The instant-runoff bandwagon gains another passenger. Nice to see Globe columnist Eileen McNamara jump on the bandwagon today in writing that the instant runoff would make it oh-so-much-easier for liberals to choose between Democrat Shannon O'Brien and the Green Party's Jill Stein. (Click here, here, and here for my past bleatings on the issue.) Give Eileen a comfy seat -- there's plenty of room up here!

Here's how the instant runoff would work in the Massachusetts gubernatorial race. There are five candidates on the ballot. You would rank them in order of preference, one through five. Or you could cast a vote just for the one candidate you like. Or you could choose a first and a second, and leave it at that. The likely result in Massachusetts is that a lot of liberals would vote for Stein first and O'Brien second. A few anti-tax, pro-gun extremists on the Republican side might vote for Libertarian Carla Howell first and Republican Mitt Romney second. (Sorry, Barbara Johnson, but I cannot envision any scenario under which the instant runoff would help you.)
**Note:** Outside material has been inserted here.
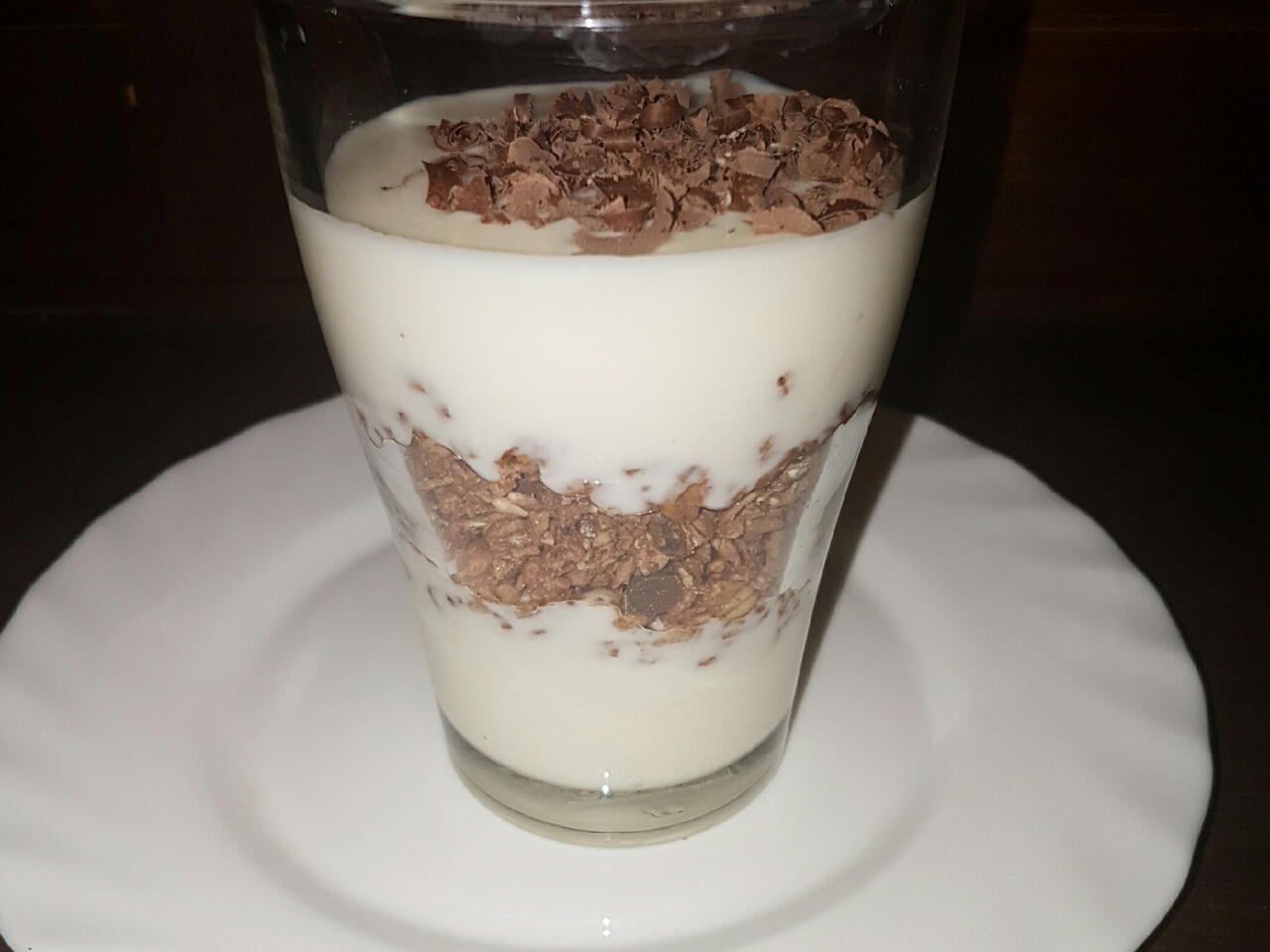 A joghurt tetejét szórja meg forgácsolt csokoládéval. Jó étvágyat!

What's great about the instant runoff is that you could give your first vote to the candidate you really want and the second to the candidate you could live with. As it stands now, of course, every vote for Stein is essentially a vote for Romney. With the instant runoff, if Stein didn't actually win, her votes would go to whoever her supporters had designated as their second choice. In most cases, presumably, that would be O'Brien. And if it turned out that O'Brien's margin of victory had come from Stein supporters, then O'Brien would have a powerful incentive to tend to her liberal wing as governor.
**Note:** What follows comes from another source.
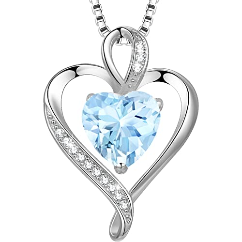 LAVUMO Halsband för Dam Sterling Silver Hjärta Hänge Halsband Rose Guld Cubic Zirconia Smycken Presenter till Flickvän Fru Mamma Hennes Födelsedag Jubileum Jul Mors Dag (Silver-03-mars)

It's easy to imagine how two recent presidential races would have turned out differently if the instant runoff had been in effect. In 2000, many of Ralph Nader's supporters would almost certainly have designed Al Gore as their second choice, ensuring Gore's victory. And just to show that this doesn't always go one way (that is, to the left), in 1992, I'll bet that a majority of Ross Perot voters would have marked George Bush the Elder as their number two, thus depriving us of a Bill Clinton presidency for another four years (at least).

Of course, there are unintended consequences to everything, and it's easy to think of a big one if the instant runoff were to become a reality. There's something about the winner-take-all system that forces voters to think like adults -- to put some real effort into deciding not just who they find the most likable or ideologically compatible, but who is actually the most capable of doing the job. I can foresee ways in which the instant runoff would trivialize voting, in which people would designate a fringe or protest candidate as number one and a more serious candidate as number two. Too much of this behavior and the fringe candidate might actually win. Again, consider Stein and O'Brien. If you think Stein would actually be a better governor than O'Brien, well then by all means you should vote for Stein. But if you really think O'Brien would make a more able, competent governor, then it would be frivolous to vote for Stein as your first choice and O'Brien as your second for the sole purpose of sending a message to O'Brien.

Give the instant runoff a try. But let's not assume it's going to be the answer to all of our problems.